6. The method according to claim 5, characterized in that, In the pre-filling stage, the initial text reasoning requests for this batch are pre-filled sequentially, including: Get the length of the input data for each initial text inference request in this batch; Determine the ratio of the difference between the maximum and minimum input data lengths; If the difference ratio exceeds the preset difference ratio, the input data lengths of the initial text reasoning requests in this batch are pre-filled sequentially from longest to shortest.
7. The method according to claim 5, characterized in that, Before determining the pre-filled text reasoning requests that have completed pre-filling processing in the initial text reasoning requests of this batch as the text reasoning requests of this batch, when the pre-filling completion progress in the initial text reasoning requests of this batch is greater than or equal to the preset filling progress, the method further includes: Get the length of the input data for the initial text inference request in this batch; Based on the input data length of the initial text inference requests in this batch, determine the number of initial text inference requests whose input data length difference does not exceed a preset difference threshold. The preset filling progress is determined based on the number of initial text reasoning requests.
8. The method according to claim 1, characterized in that, The reasoning output process also includes: The quantization object is determined, and the quantization object includes at least one of the input data parameters corresponding to the current batch of text inference requests and the model parameters called during the inference output process, wherein the model parameters include the key-value cache of the multi-head attention mechanism and / or the network layer activation value. For the quantization object, the corresponding quantization parameters are set using word-by-word meta-quantization and / or attention-by-attention quantization. The quantization object is quantized based on the quantization parameters.

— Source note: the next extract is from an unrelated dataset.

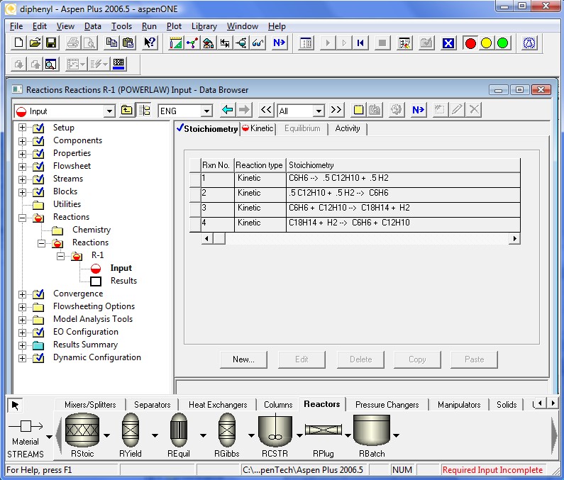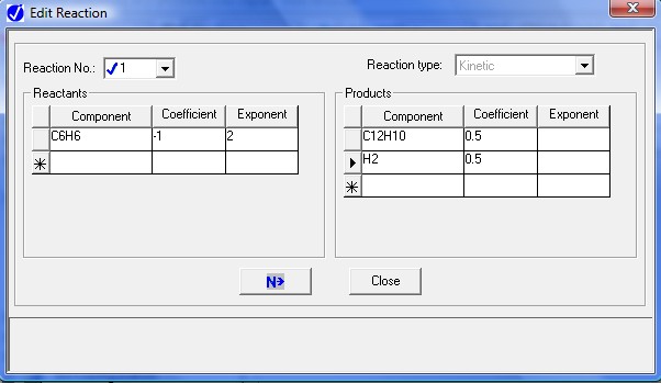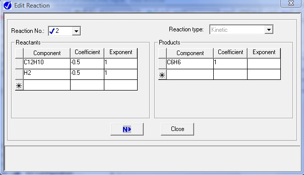 After completing the first reaction select New from Reaction No. list. Next picture will show the coefficients for the reversed part of the first reaction. In Aspen Plus™ notation, this will be our 2nd reaction
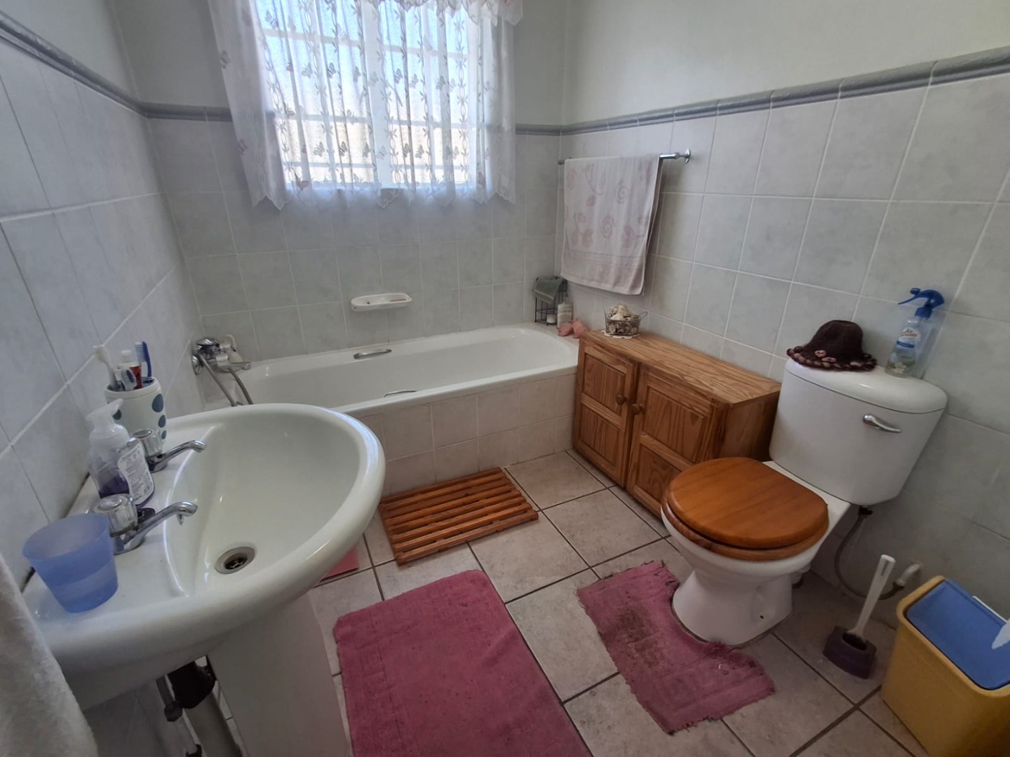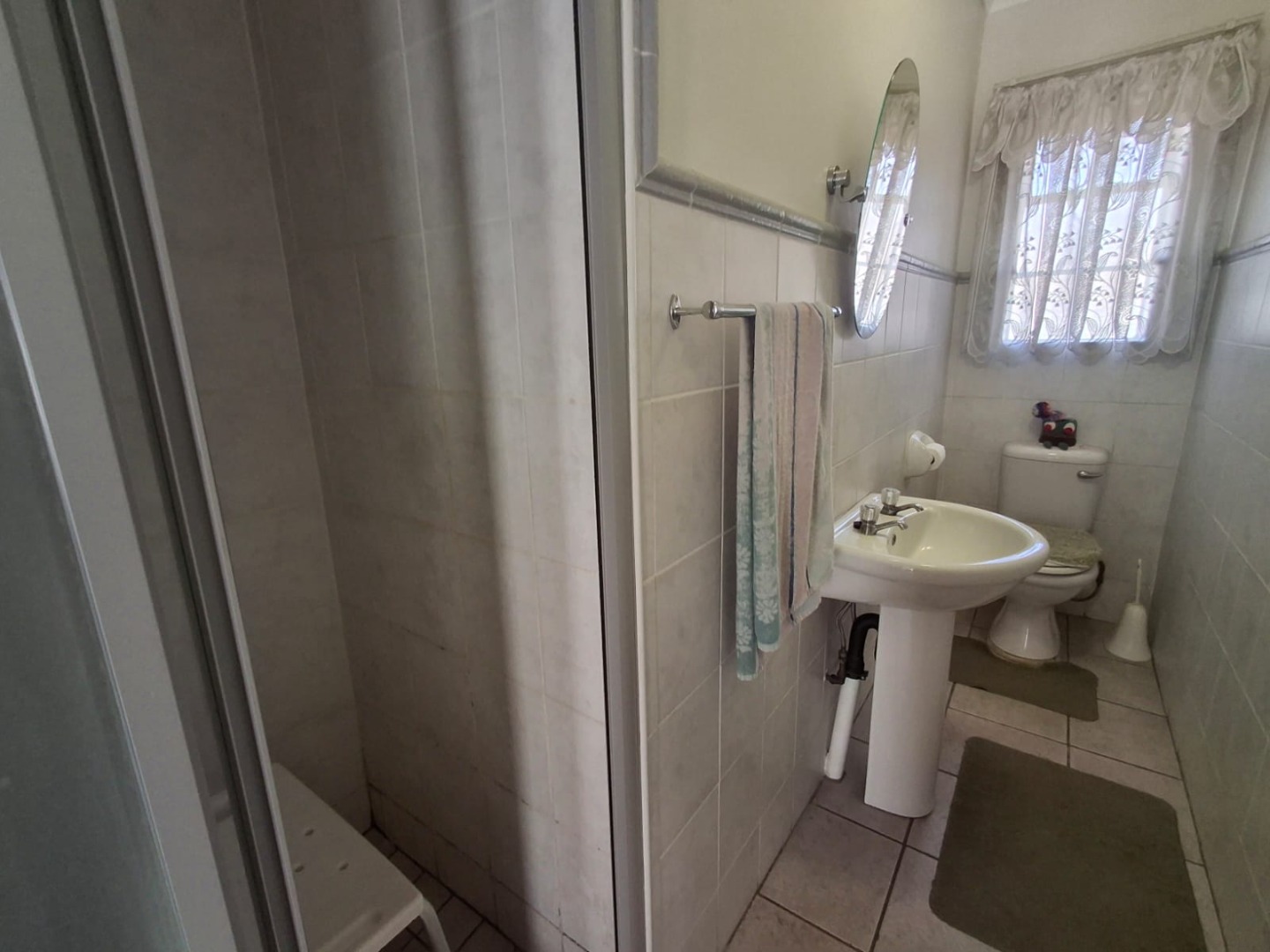 Three well-sized bedrooms with built-in cupboards. The main bedroom is spacious with ample cupboard space and an en suite bathroom. The guest bathroom offers a shower, basin, and toilet.

9. The method according to any one of claims 1 to 8, characterized in that, The step of allocating at least one computing unit to perform inference output for the text inference requests in this batch includes: Obtain the number and length of input data for this batch of Chinese text inference requests; Based on the number and length of the input data in the text inference requests of this batch, a corresponding number of text inference requests are allocated to each computing unit for pre-filling processing. The difference in the number of input data processed by each computing unit does not exceed a first preset value, and the difference in the total length of the input data does not exceed a second preset value.
10. A reinforcement learning training optimization device, characterized in that, The device includes: The acquisition module is used to acquire the text reasoning requests in this batch and assign the text reasoning requests in this batch to at least one computing unit for reasoning output; The inference output control module is used to truncate the unfinished model output in each computing unit when the inference output completion progress in the text inference requests of this batch reaches the preset output progress. The model update module is used to update the model parameters of the model used for inference based on the inference output results already completed in this batch and the reference correct results.